French postcard by Les Cinématographes Méric. Photo: publicity still of Ausonia (Mario Guaita) in the French silent film La course à l'amour/Love on the Run (Paul Barlatier, Charles Keppens, 1924).
French postcard by Les Cinématographes Méric. Photo: publicity still of the French silent film La course à l'amour (Paul Barlatier, Charles Keppens, 1924) with Ausonia and Gina Relly.
Sympathetic comedy
In La course à l'amour/Love on the Run (Paul Barlatier, Charles Keppens, 1924) is described by the Dictionnaire du cinéma français des années vingt as a 'sympathetic comedy'.

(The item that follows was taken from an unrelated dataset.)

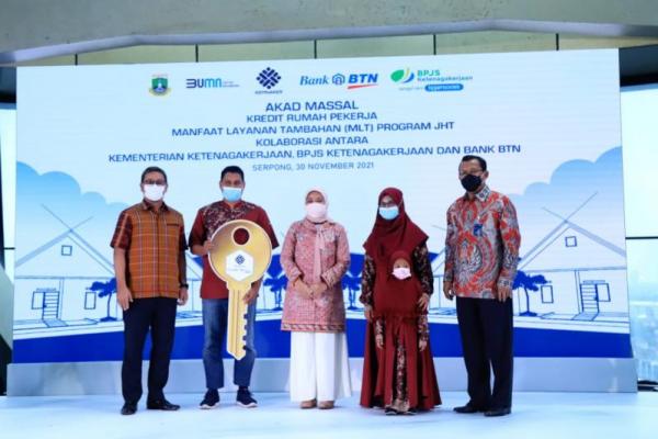 "Sebenarnya, program MLT JHT ini telah diluncurkan sejak tahun 2016 melalui Permenaker Nomor 35 Tahun 2016 tentang Tata Cara Pemberian, Persyaratan, dan Jenis Manfaat Layanan Tambahan Program Jaminan Hari Tua yang kemudian direvisi melalui Permenaker Nomor 17 Tahun 2021," kata Menteri Ketenagakerjaan Ida Fauziyah pada sambutan acara Akad Massal Kredit Rumah Pekerja Manfaat Layanan Tambahan (MLT) Program JHT, di Serpong Tangerang, Selasa (30/11/2021).
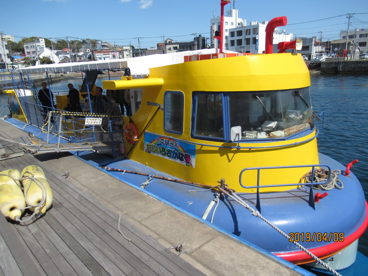 黄色にブルーの船体がかっこよく海風にぐいぐい進んでいきます。

Three men compete for one woman. One of the men was played by Édouard Mathé, the star of the successful serials Les vampires/The Vampires (Louis Feuillade, 1915) and Judex (Louis Feuillade, 1916). His character is a suave daredevil, who can even fly a plane.
His two competitors are the Italian strongman Mario Guaita aka Ausonia, and Léon Lorin, who is the comical sidekick as the Marquis de Morte-Saisons.

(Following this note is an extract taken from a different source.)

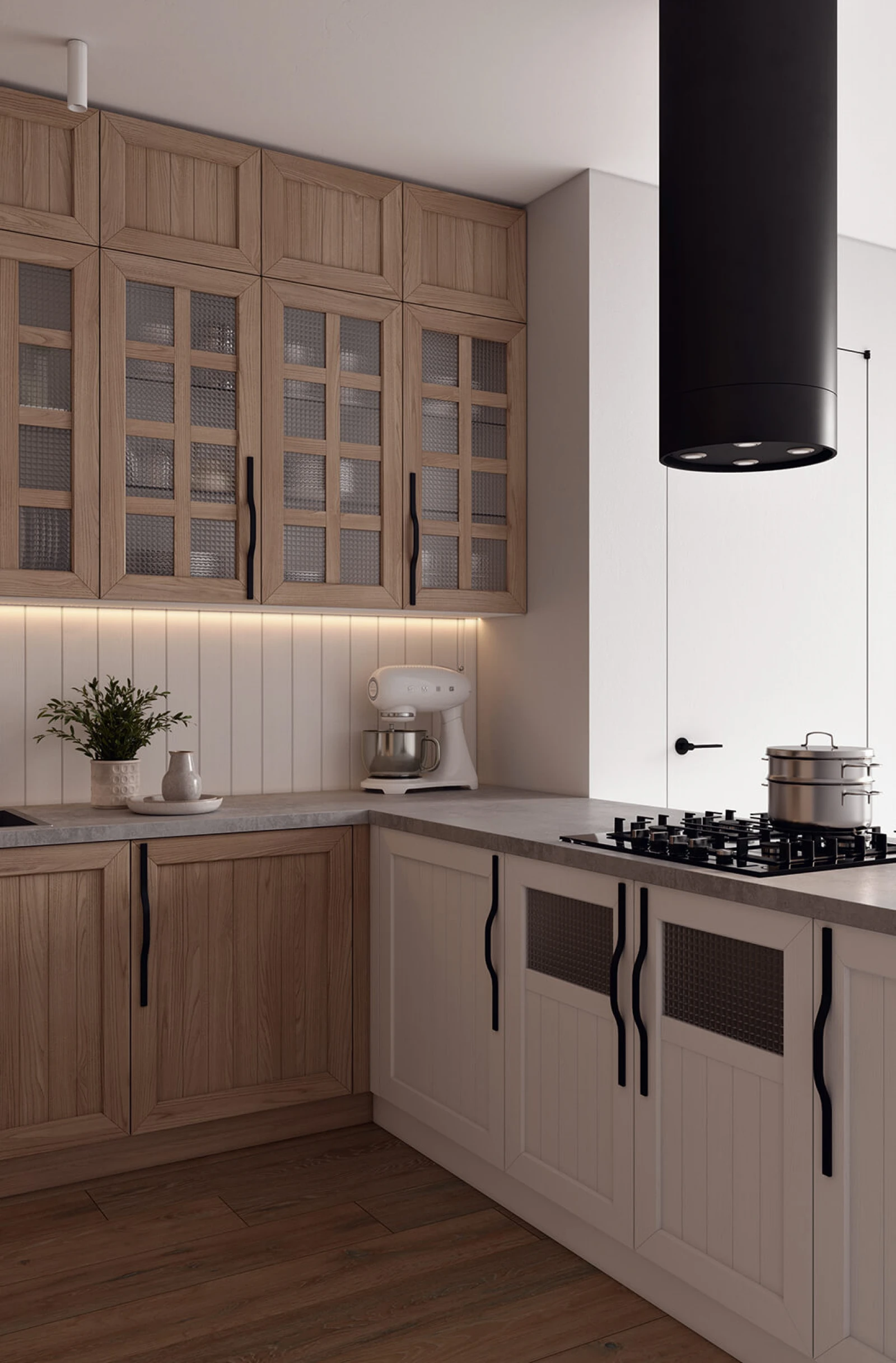 ФАСАДЫ Т736 Натуральный дуб, цвет NCS S 0500-N / #189 (воскобейц Белый) СТОЛЕШНИЦА Пластик HPL, 38 мм

The three men bet for the attention of Mary Gleane, daughter of a wealthy American. Mary is played by Gina Relly, who plays a double role in the film. Unknowingly to the men, Mary involves her twin sister Jenny in the bet.
The suitors, Mary, Jenny and Mary's maid Betty (Jeanne Rollette) all travel from Nice to Évian. The winner of the bet is the man who hold Mary's hand when she exits the car in Ëvian. By all means of transport - train, car, bus, plane and even a bike - the group travels across the Alps. Each man thinks he is traveling with Mary, but the three women constantly outsmart the men.
La course à l'amour is more than a romantic comedy. It is also a travelogue from the south of France to the Alps, which shows the splendour of the French countryside. The film was really shot on location between Nice and Évian.
It was a silent black and white production by Lauréa Films, a regional film production company that produced several local films in a studio of the Red Cross since 1920. Head of productions of Lauréa Film was Paul Barlatier, who was one of the directors and script-writer of this film. His co-director was former actor Charles Keppens.
La Course à l'amour was not the first film made with this title. Wikipedia mentions that in 1912 there had been an early short silent version, La Course à l'amour (Jean Durand, 1912) with comic Onésime and Gaston Modot. It probably had a different script.
French postcard by Les Cinématographes Méric. Photo: publicity still of La course à l'amour (Paul Barlatier, Charles Keppens, 1924) with Ausonia.
French postcard by Les Cinématographes Méric. Photo: publicity still of La course à l'amour (Paul Barlatier, Charles Keppens, 1924).
Muscleman
The athletic Ausonia got the most attention on the postcards made for La course à l'amour. The Italian had had his international breakthrough with Spartaco/Spartacus (Enrico Vidal, 1913) and in the following decade he became a major actor in the Italian forzuto (strong men) genre.
This genre started with the popular strong man Maciste (Bartolomeo Pagano) in the classic spectacle Cabiria (Giovanni Pastrone, 1914). The forzuto can be seen as a forerunner of the Peplum genre of the 1950s and 1960s and Hollywood's superhero films of later decades.
In the early 1920s, Ausonia moved to Marseille, where he made La course à l'amour (1924) and a few other films and where he ran a cinema.
Despite the series of postcards and Ausonia's impressive muscles, the film was probably not a success. It was the final film for co-director Charles Keppens and for lead actor Édouard Mathé. Also for his co-star Gina Relly, it was one of her last films. Her impressive film career ended two years later.
Lauréa Film ceased its activities and of Paul Barlatier was not heard again.
French postcard by Les Cinématographes Méric. Photo: publicity still for La course à l'amour (Paul Barlatier, Charles Keppens, 1924) with Léon Lorin and Gina Relly.